I don't talk of the busts, the statues, and pictures which abound
at Versailles, and other places in and about Paris, particularly
the great collection of capital pieces in the Palais-royal,
belonging to the duke of Orleans. I have neither capacity, nor
inclination, to give a critique on these chef d'oeuvres, which
indeed would take up a whole volume. I have seen this great
magazine of painting three times, with astonishment; but I should
have been better pleased, if there had not been half the number:
one is bewildered in such a profusion, as not to know where to
begin, and hurried away before there is time to consider one
piece with any sort of deliberation. Besides, the rooms are all
dark, and a great many of the pictures hang in a bad light. As
for Trianon, Marli, and Choissi, they are no more than pigeon-houses,
in respect to palaces; and, notwithstanding the
extravagant eulogiums which you have heard of the French king's
houses, I will venture to affirm that the king of England is
better, I mean more comfortably, lodged. I ought, however, to
except Fontainebleau, which I have not seen.

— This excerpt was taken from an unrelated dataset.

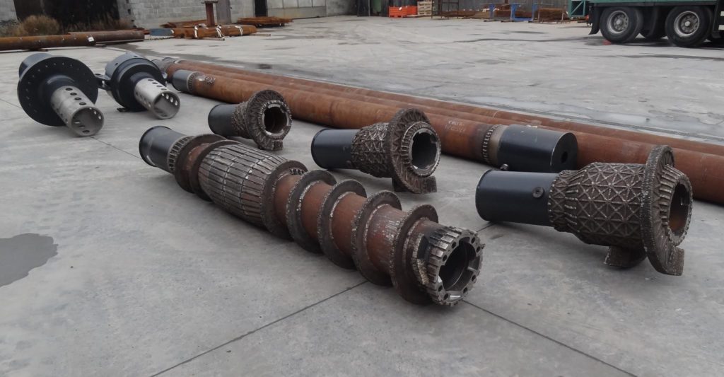 Next week, two foundation machines can be equipped with new Olivier full displacement drilling tools. The flange that comes underneath the rotary head is equipped with a standard Olivier Coupling that can handle up to 55Ton/meter of torque. In this way, tubes can be connected underneath for the necessary drilling depth. Underneath is a auger head for cylindrical piles or for the helical Olivier Pile.

The city of Paris is said to be five leagues, or fifteen miles,
in circumference; and if it is really so, it must be much more
populous than London; for the streets are very narrow, and the
houses very high, with a different family on every floor. But I
have measured the best plans of these two royal cities, and am
certain that Paris does not take up near so much ground as
London and Westminster occupy; and I suspect the number of its
inhabitants is also exaggerated by those who say it amounts to
eight hundred thousand, that is two hundred thousand more than
are contained in the bills of mortality. The hotels of the French
noblesse, at Paris, take up a great deal of room, with their
courtyards and gardens; and so do their convents and churches. It
must be owned, indeed, that their streets are wonderfully crouded
with people and carriages.
The French begin to imitate the English, but only in such
particulars as render them worthy of imitation. When I was last
at Paris, no person of any condition,
male or female, appeared, but in full dress, even when obliged to
come out early in the morning, and there was not such a thing to
be seen as a perruque ronde; but at present I see a number of
frocks and scratches in a morning, in the streets of this
metropolis.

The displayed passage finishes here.